As for my top Smart Money Monday picks right now, I’m still a huge bull on Cleveland-Cliffs (CLF). In the last few years, renegade CEO Lourenco Goncalves has completely transformed the US steel industry. And the stock is trading at around four times 2021 earnings per share, making it one of the cheapest stocks in the US, if not the world.
Earlier this month, Lourenco bought nearly $1 million worth of Cleveland-Cliffs shares. Then other insiders followed his lead, buying another $300,000 worth of shares. This is great stuff. Insiders only buy when they expect the stock price to go up.
Ed: We know you like heavy insider ownership, which you get with CLF. What else should readers look for?
Thompson: Stock buybacks are another great sign. Vistra Energy (VST), a Texas-based utility and another Smart Money Monday recommendation, is repurchasing gobs of its own stock at depressed valuations. I think the stock has the potential to double from here. Granted, that probably won’t happen this year. But over the next few years, it’s highly probable.
You asked for three of my top picks, though. So, I’ll add AT&T (T). It’s a huge company, and not the sort of stock we buy in High Conviction Investor. But it’s still a great opportunity.

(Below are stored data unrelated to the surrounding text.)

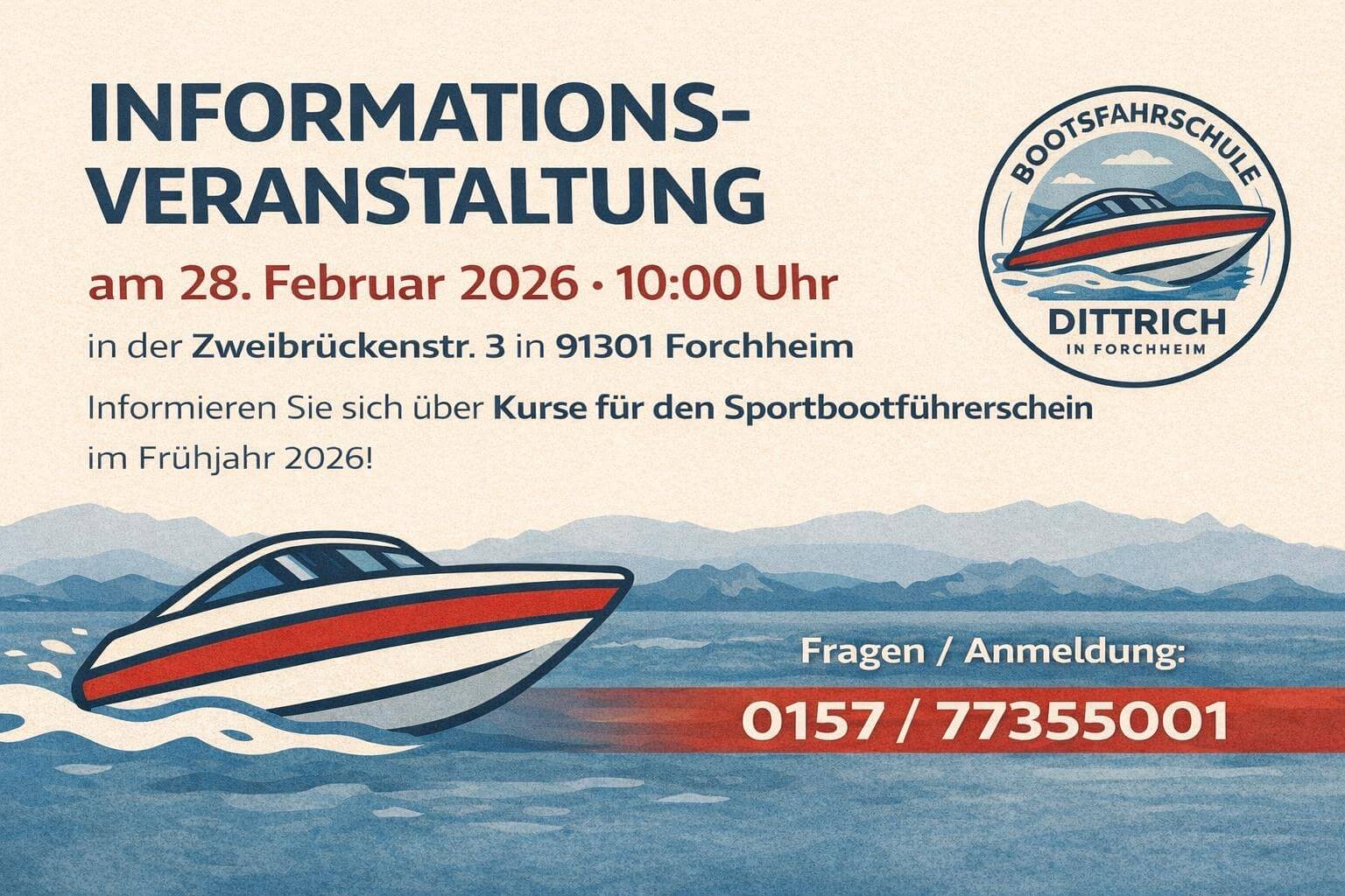 Die Bootsfahrschule Dittrich macht´s möglich und informiert am 28.02.2026 in Forchheim über den Sportbootführerschein.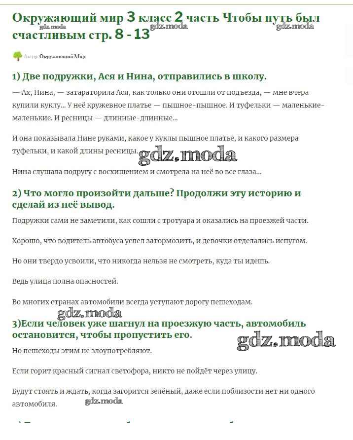 ОТВЕТ на задание № 8 Учебник по Окружающему миру 3 класс Плешаков Школа России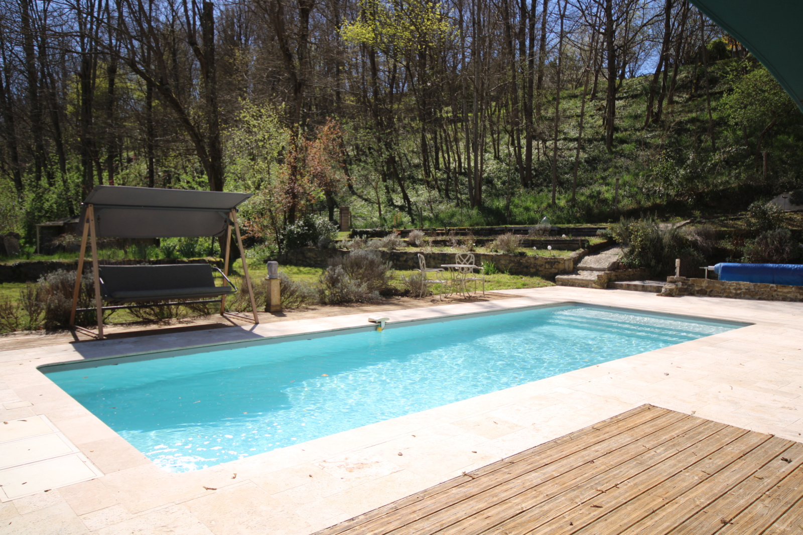 Le terrain s’étale sur 1 ha 21a 95 ca de parc arboré et paysagé et comporte une piscine au sel, chauffée de 10m x 5m.

Last year was terrible for the stock—it dropped around 15%. But 2022 could be its break-out year. AT&T is set to spin off its Warner Media assets and merge them with Discovery Communications (DISCA). The deal should close sometime in the middle of the year.
Once the ink has dried on that, it should remove a major drag on the stock. And from there, the market should value AT&T as a high-performing, high cash-generating telecom company with a steady dividend.
Ed: Thank you, Thompson. It was pleasure catching up.
Thompson: Thank you, Ed. Always happy to chat.